There's a lot going on here. To start with, the Security API goes hand-in-hand with CDI. That @ApplicationScoped annotation on the class means that this IdentityStore is an app-wide bean - Liberty picks up on that and registers it as a provider for authentication. The AppConfig is another CDI bean, this one housing the Domino server I want to authenticate against if not the local runtime (handy for development).

The IdentityStore interface definition does a little magic for identifying how to authenticate. The way it works is that the system uses objects that implement Credential, an extremely-generic interface to represent any sort of credential. When the default implementation is called, it looks through your implementation class for any methods that can handle the specific credential class that came in. You can see above that validate(UsernamePasswordCredential credential) isn't tagged with @Override - that's because it's not implementing an existing method. Instead, the core validate looks for other methods named validate to take the incoming class. UsernamePasswordCredential is one of the few stock ones that comes with the API and is how the container will likely ask for authentication if using e.g.
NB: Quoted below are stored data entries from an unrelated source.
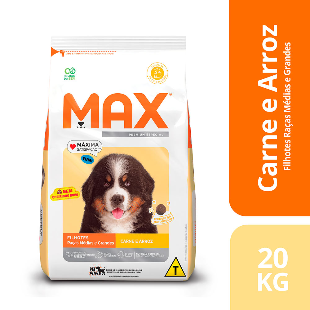 - Com Max Cães Filhotes Raças Médias e Grandes Carne e Arroz é fácil cuidar do seu filho de quatro patas, para ele crescer saudável e feliz;
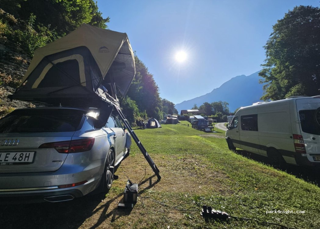 Campeggio Talacker a Ringgenberg, vicino a Interlaken. A cinque minuti d'auto da Interlaken. Posizione piacevole e tranquilla. Autobus gratuito per Interlaken e dintorni con la carta ospiti. Strutture sanitarie belle e pulite. Arrivo possibile fino alle 18:00. NON È POSSIBILE arrivare tardi.
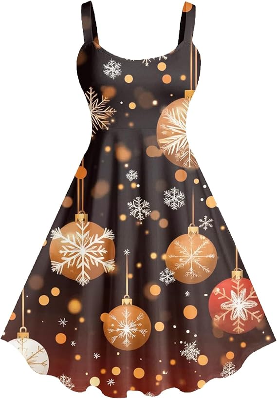 Festive Women's Sleeveless Dress with Holiday Print, Adjustable Straps, Perfect Vestidos Elegantes De Mujer
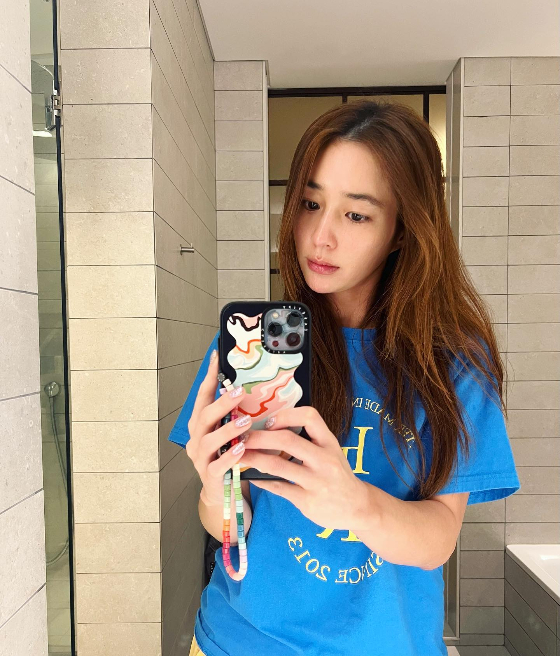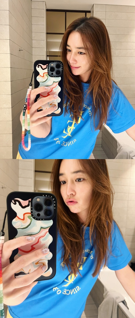 공개된 사진에는 이민정이 반팔 티셔츠를 입고 화장실에서 거울 셀카를 촬영한 모습이 담겼다. 세수 전에도 빛나는 미모가 시선을 끈다.
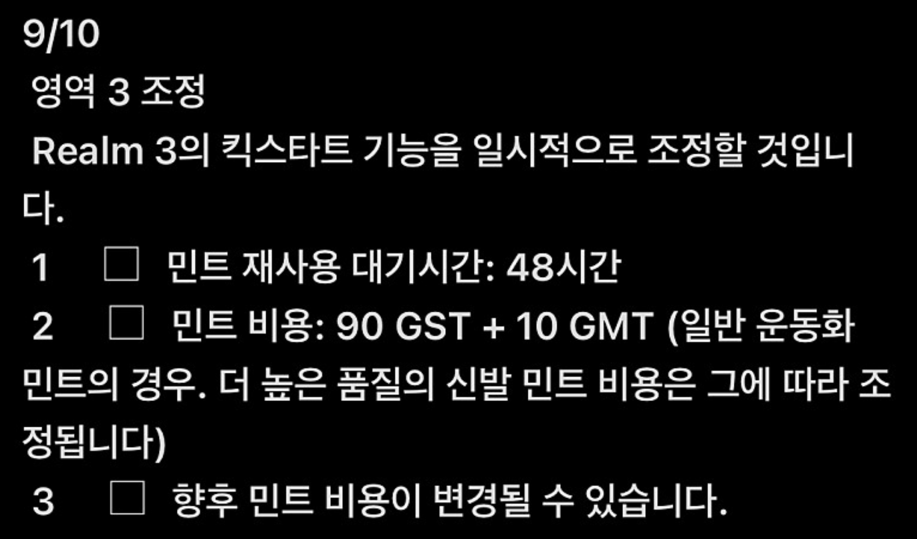 미박이 변경된다고 합니다. 미박이 최근에 한번 변경되면서 럭수치가 중요해졌는데 다시 한번 바뀐다고 합니다. 어떻게 바뀔지 궁금합니다. 럭수치도 중요하겠지만 앞으로는 보상이 점차적으로 더 좋아져서 미박 메타가 계속해서 이어졌으면 좋겠습니다. 그리고 마지막으로 변경되는 점은 렐름 3에 대한 이야기 입니다. 렐름 3는 이더리움으로 될 것이라고 확정이 났고 민팅 날짜도 정해졌습니다. bayc랑 협업인줄 알고 사람들이 다들 좋아했지만 협업이라기 보다는 bayc 홀더들에게 신발을 지급해주는 것.. 이였죠.. 협업이었으면 좋았을걸. 아마 사람들이 렐름 3에 전혀 진입할 생각이 없는 것 같은데 저 또한 그렇습니다.
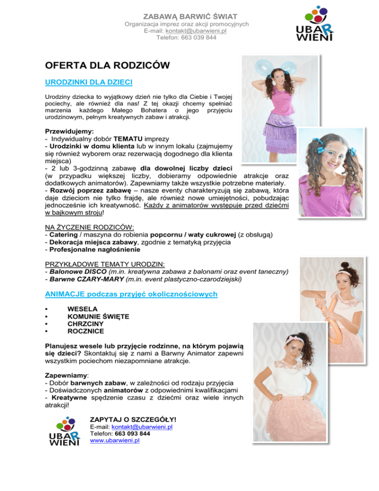 ZABAWĄ BARWIĆ ŚWIAT Organizacja imprez oraz akcji promocyjnych E-mail: [email protected] Telefon: 663 039 844 OFERTA DLA RODZICÓW URODZINKI DLA DZIECI Urodziny dziecka to wyjątkowy dzień nie tylko dla Ciebie i Twojej pociechy, ale również dla nas! Z tej okazji chcemy spełniać marzenia każdego Małego Bohatera o jego przyjęciu urodzinowym, pełnym kreatywnych zabaw i atrakcji. Przewidujemy: - Indywidualny dobór TEMATU imprezy - Urodzinki w domu klienta lub w innym lokalu (zajmujemy się również wyborem oraz rezerwacją dogodnego dla klienta miejsca) - 2 lub 3-godzinną zabawę dla dowolnej liczby dzieci (w przypadku większej liczby, dobieramy odpowiednie atrakcje oraz dodatkowych animatorów). Zapewniamy także wszystkie potrzebne materiały. - Rozwój poprzez zabawę – nasze eventy charakteryzują się zabawą, która daje dzieciom nie tylko frajdę, ale również nowe umiejętności, pobudzając jednocześnie ich kreatywność. Każdy z animatorów występuje przed dziećmi w bajkowym stroju! NA ŻYCZENIE RODZICÓW: - Catering / maszyna do robienia popcornu / waty cukrowej (z obsługą) - Dekoracja miejsca zabawy, zgodnie z tematyką przyjęcia - Profesjonalne nagłośnienie PRZYKŁADOWE TEMATY URODZIN: - Balonowe DISCO (m.in. kreatywna zabawa z balonami oraz event taneczny) - Barwne CZARY-MARY (m.in. event plastyczno-czarodziejski) ANIMACJE podczas przyjęć okolicznościowych • • • • WESELA KOMUNIE ŚWIĘTE CHRZCINY ROCZNICE Planujesz wesele lub przyjęcie rodzinne, na którym pojawią się dzieci? Skontaktuj się z nami a Barwny Animator zapewni wszystkim pociechom niezapomniane atrakcje. Zapewniamy: - Dobór barwnych zabaw, w zależności od rodzaju przyjęcia - Doświadczonych animatorów z odpowiednimi kwalifikacjami - Kreatywne spędzenie czasu z dziećmi oraz wiele innych atrakcji! ZAPYTAJ O SZCZEGÓŁY! E-mail: [email protected] Telefon: 663 093 844 www.ubarwieni.pl
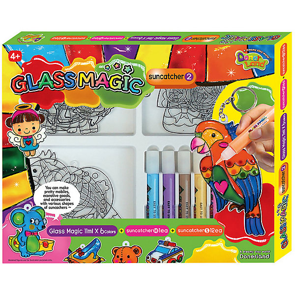 С набором Donerland Glass Magic №2 можно сделать красочные рисунки-подвески. Для этого ребенку предстоит раскрасить картинку-трафарет на прозрачной основе, а затем подвесить поделку за специальную петельку.
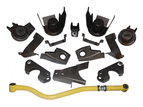 Комплект для переделки передней рессорной подвески на пружинную военный мост с тягой
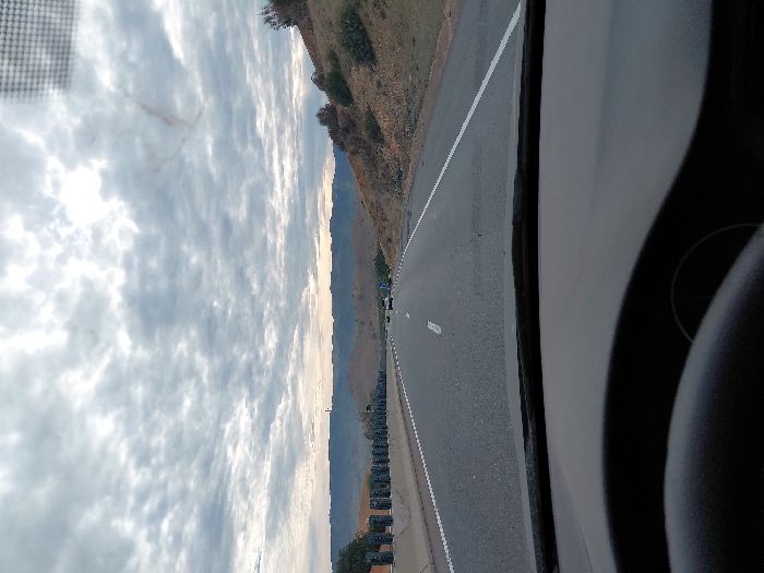 Captured from inside a vehicle, the view shows a winding asphalt road marked with a solid white line alongside a grassy, hilly terrain. A row of guardrails lines the road. The sky, overcast with clouds, occupies a significant portion of the frame. Elements of the vehicle's interior are visible on the right, including parts of the dashboard and steering wheel.
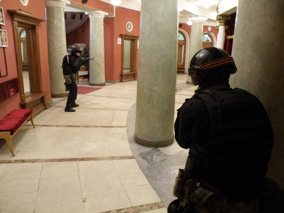 Согласно легенде, четыре преступника захватили 26 заложников. Переговоры не увенчались успехом, поэтому троих террористов условно застрелили, а одного задержали.
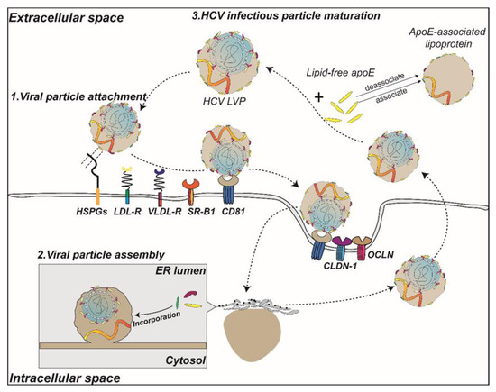 A model of the role of ApoE in the life cycle of HCV. The circulating HCV infectious particles bind to HSPGs and receptors (LDLr, VLDLr, and SR-B1) on the cell surface via ApoE prior to entering cells via interactions with CD81, claudin-1 (CLDN-1) and occludin (OCLN). Subsequently, in the lumen of the endoplasmic reticulum, apolipoproteins such as ApoE are incorporated into lipid droplets that encapsulate the HCV nucleocapsid, which is embedded with E1E2 heterodimers to participate in the assembly process. In addition, the binding of extracellular ApoE to secreted HCV particles assists in the maturation of HCV LVPs.
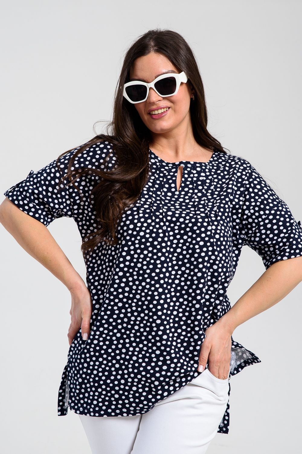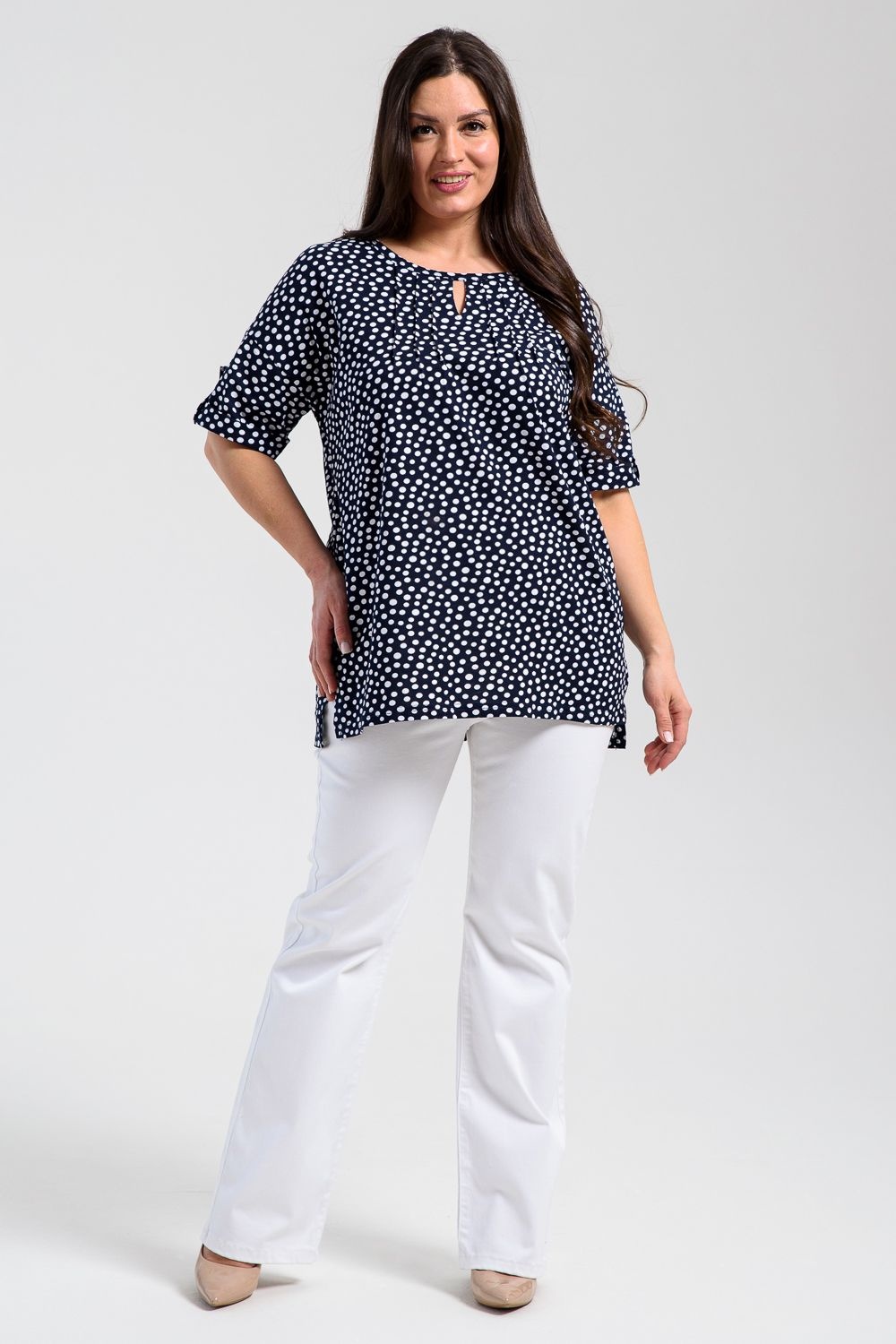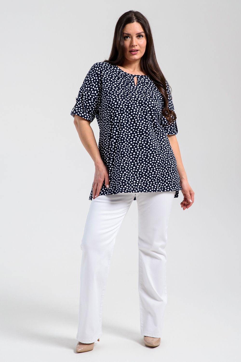 Туника прямая, свободная, с округлой горловиной, с удлиненной спинкой. Рукав короткий, с манжетом и хлястом с пуговицей. В верхней части полочки обработаны декоративные защипы. Спинка с кокеткой. В нижней части боковых швов расположены разрезы. Горловина обработана бейкой из основного полотна.
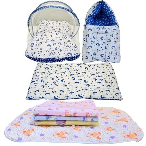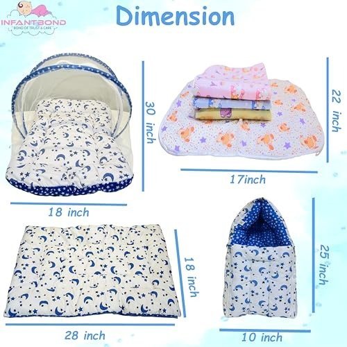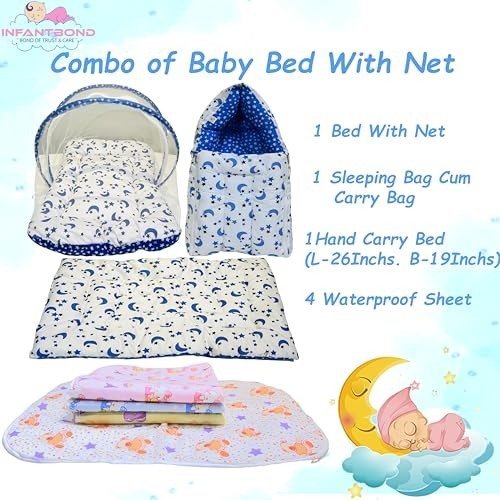 Infantbond Combo Baby Bed with Net & 4 Waterproof Sheets (Moon Blue) ? Fast Shipping to USA & Canada

HTTP Basic auth.

Here, I use some Domino API to check the username+password combination against the Domino directory and inform the caller whether the credentials match and, if so, what the user's distinguished name and group memberships are (with some implementation removed for clarity).

Token Authentication

That's all well and good, and will allow a user to log into the app with HTTP Basic authentication with a Domino username and password, but I'd also like the aforementioned GoogleLogin tokens to count as "real" users in the system.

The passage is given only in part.